Die 1. Etage der Grünen Zitadelle beheimatet das artHotel (DZ 85 Euro). Nett auch die Cocktailbar im EG, Frühstücksraum gibt es nicht, Brötchen & Co. kommen morgens ans Bett. Breiter Weg 9, Tel. 0391/6 207 80 (www.arthotel-magdeburg.de)

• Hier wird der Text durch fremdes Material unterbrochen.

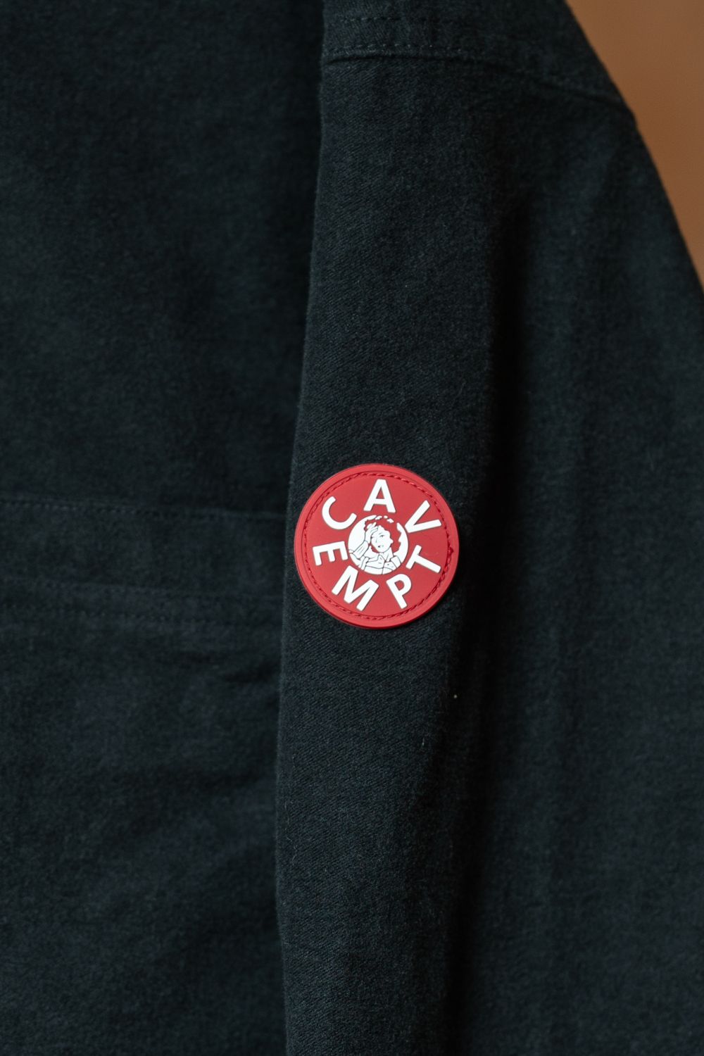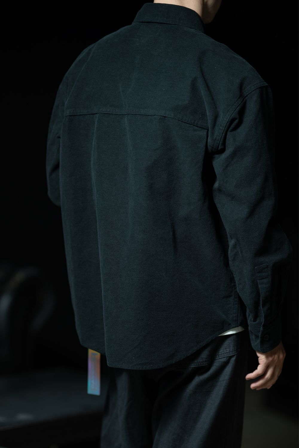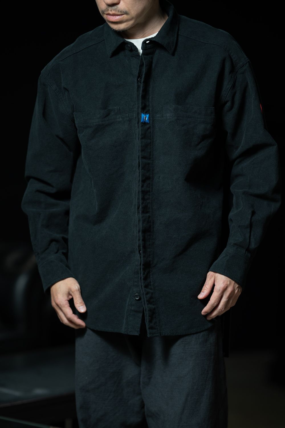 100%コットン。モールスキン生地。レギュラーポイントカラー。比翼前立。セットインスリーブ。左袖上部にシリコンパッチ。前立にピスネーム。シングルカフス。前身頃、後ろ身頃で生地切り替え。前身頃にウェルトポケット。ワイドシルエット。バイオウォッシュ加工。日本製
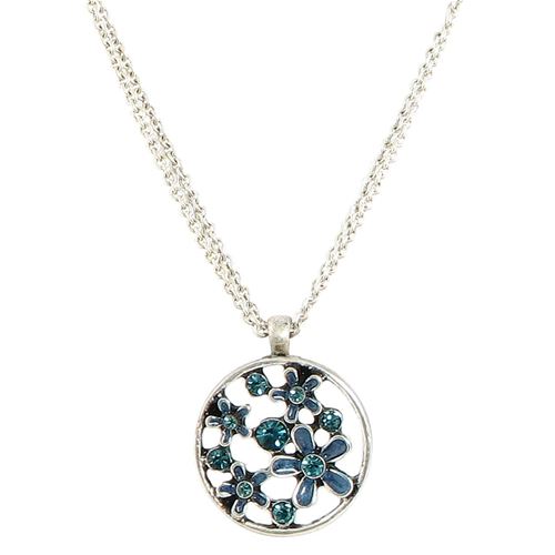 Enamel flower pendant with Austrian crystals on a double 16"-19" adjustable chain.
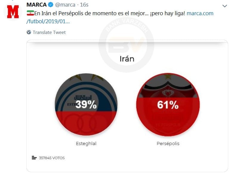 روزنامه مارکا از رو گذشته اقدام به نظرسنجی از هواداران فوتبال در جهان کرد تا بهترین تیم در یک کشور را معرفی کند. از ایران، تیمهای استقلال و پرسپولیس در این نظرسنجی قرار دارند و تاکنون بیش از ۳۵۷ هزار کاربر در آن رای دادهاند.
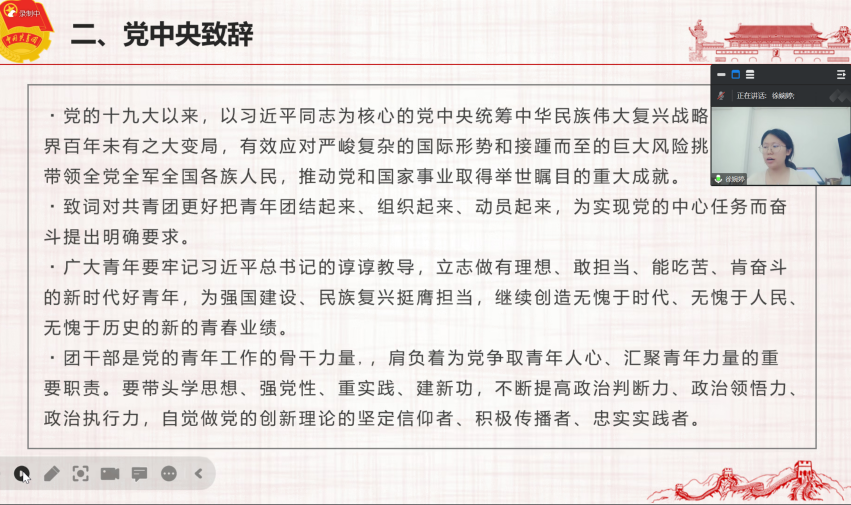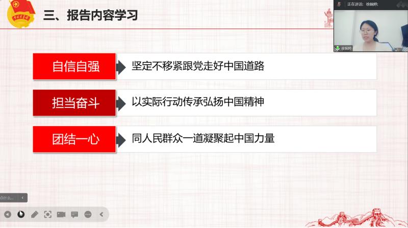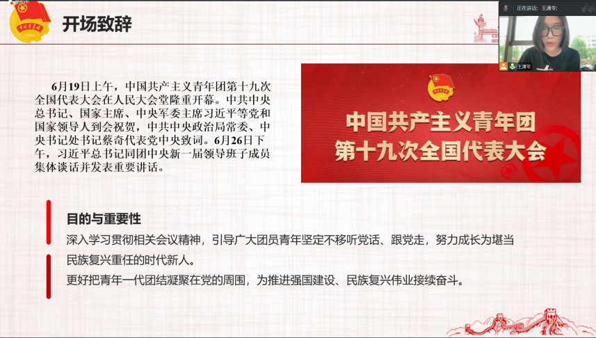 会议伊始, 成人玩具 团委副书记王潇苓阐述了开展本次专题学习会的目的和重要性,鼓励全体成员认真学习相关会议内容。

Kunst und Kultur in Magdeburg

Es sind derlei Balance-Akte, die man hier immer öfter wagt und mit denen man überwiegend gewinnt: So gilt das älteste Gebäude der Stadt, das romanische Kloster Unser Lieben Frauen, heute aufgrund seiner reichhaltigen Sammlung und mutigen Ausstellungen als wichtigster Ort für die Präsentation zeitgenössischer Kunst in ganz Sachsen-Anhalt (www.kunstmuseum-magdeburg.de). Aus historischen Kasernenanlagen, wie der Festung Mark, wachsen populäre Kulturzentren, oder es finden sich darin stadtgeschichtlich relevante Museen wie zu Ehren des Magdeburger Wissenschaftsgenies Otto von Guericke (Lukasklause) oder zur Straße der Romanik (Alte Möllenvogtei).

Auch der Fürstenwall, die Bastion Cleve und all die anderen mittelalterlichen bzw. preußischen Wehranlagen am Elbufer unterhalb des Doms sind nicht länger „nur“ Sehnsuchtsorte eines längst verschütteten Gestern, sondern fügen sich wie selbstverständlich ein in die modernen Wohn- und Ausgehwelten, die das urbane Leben am 21 Kilometer langen, die Stadt durchziehenden Elbstrom immer mehr auf Touren bringen.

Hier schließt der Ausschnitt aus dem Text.